According to the latest calculations, the gap between Japanese and American carmakers' profits average out to about $2900 per vehicle, and the home team does not have the advantage.
A big reason is the cost of labor. As analyzed by Harbour-Felax, labor costs the Detroit Three substantially more per vehicle than it does the Japanese.
Health care is the biggest chunk. GM, for instance spends $1,635 per vehicle on health care for active and retired workers in the U.S. Toyota pays nothing for retired workers - it has very few - and only $215 for active ones.
Other labor costs add to the bill. Contract issues like work rules, line relief and holiday pay amount to $630 per vehicle - costs that the Japanese don't have. And paying UAW members for not working when plants are shut costs another $350 per vehicle.
Here's one example of how knotty Detroit's labor problem can be:
If an assembly plant with 3,000 workers has no dealer orders, it has two options. One is to close the plant for a week and not build any cars. Then the company still has to give the idled workers 95 percent of their take-home pay plus all benefits for not working. So a one-week shutdown costs $7.7 million or $1,545 for each vehicle it didn't make.

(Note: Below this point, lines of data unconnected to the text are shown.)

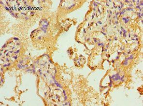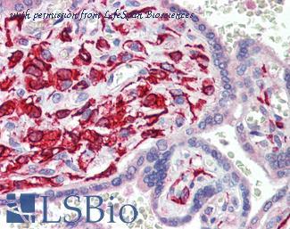 Immunohistochemistry of paraffin-embedded human placenta using antibody at 1:100 dilution.
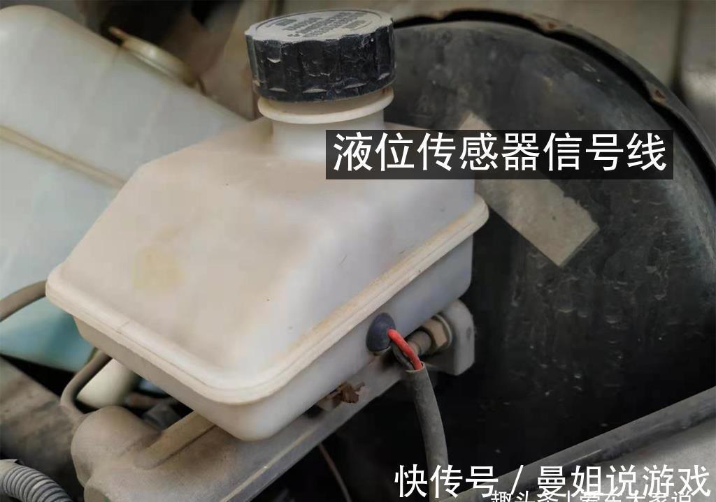 上图是一个刹车油储液壶,可以看到上面有两根线,里面就是一个刹车油传感器。液位传感器另一头连着仪表盘,通过传感器检测到的电阻值来检测刹车油是否缺少。当刹车油液面低于传感器时传感器就会暴露在空气中,电阻变为无穷大,此时仪表盘就会点亮报警灯。由于很多车上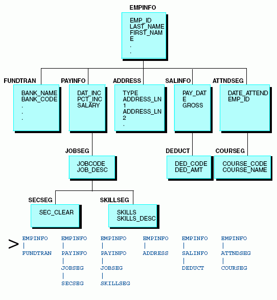 The EMPLOYEE data structure has six paths. The paths begin with the EMPINFO segment (the root), and end with: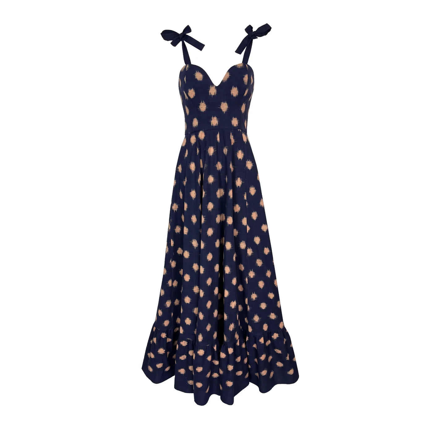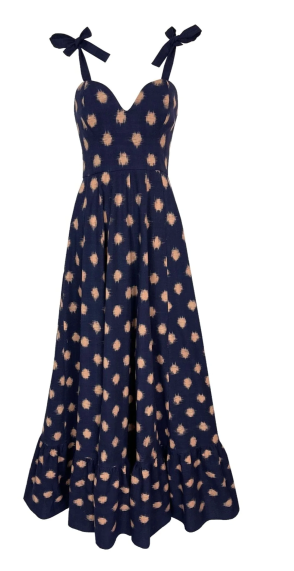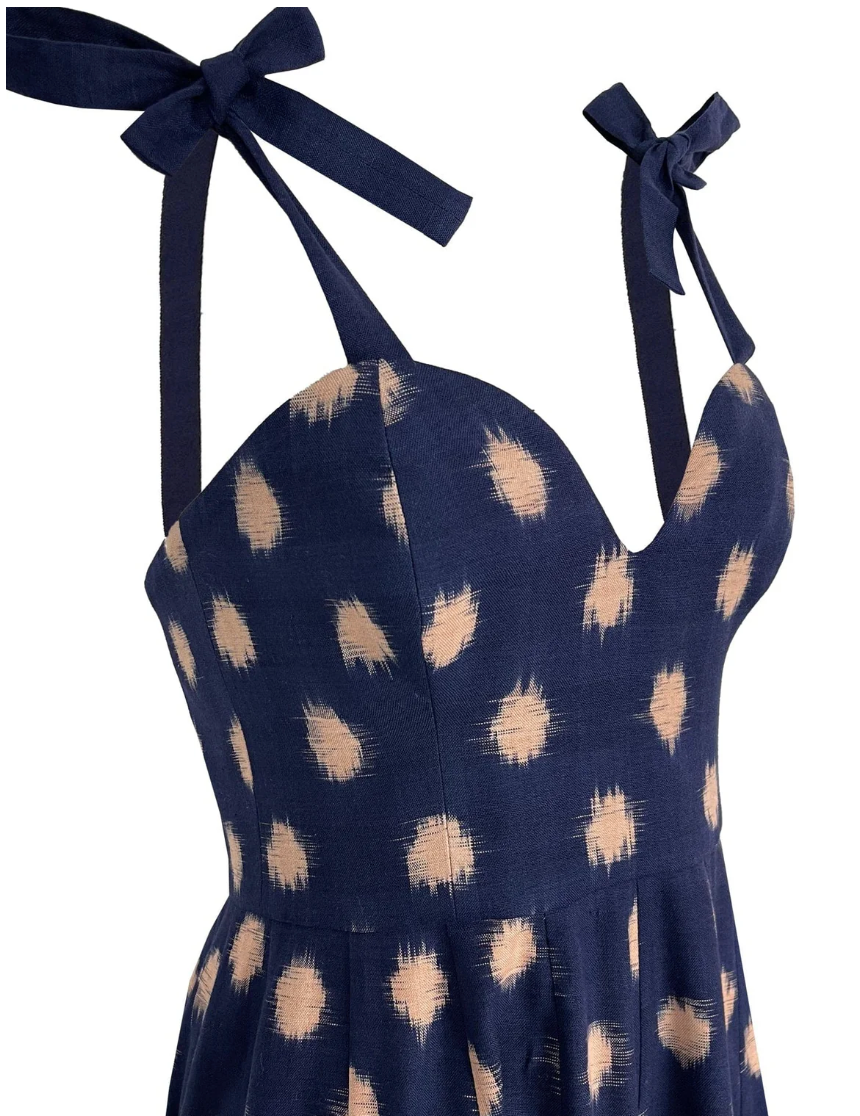 Experience the timeless elegance of our navy blue and pink Polka Dot Dress. Expertly crafted with handloom Ikat fabric from the south of India, this dress features a cinched waist with a round heart-shaped neckline, a beautifully detailed corset bodice, and elegant lined panels. Delicate bow shoulder straps and a convenient zipper closure in the back add a touch of sophistication to this luxurious dress.

If the company decides to go ahead and run the plant for a week without any dealer orders, it will have distressed merchandise on its hands. Then it has to sell the vehicles to daily rental companies like Hertz or Avis at discounts of $3,000 to $5,000 per vehicle, which creates a flood of used cars in three to six months and damages resale value. Or it can put the vehicles into storage and pay dealers up to $1,250 apiece to take them off its hands...
All in all, the report paints a bleak picture. While Nissan was making $1800 per vehicle during the first half of 2006, and Toyota and Honda racked up $1,400 apiece, nine-month results for Ford saw them losing $1,400 per vehicle - a number that will go up when the fourth quarter's loss is tallied - while DaimlerChrysler dropped $1100 and GM $333.
I was going to wait for Mickey to post on this and then link it, but he's already covered the news.
If the American auto manufacturers are smart - a matter somewhat in question - they'll make a big push for the Democratic Congress to lighten their health care cost burden. It's certainly fertile ground - with Democrats still largely devoted to an old-style view of the economy, and a desire to promote government involvement in health care.
Assuming that Iraq is winding down by the time of the election, will health care be a primary issue? And if it is, will that help the Democrats or hurt them?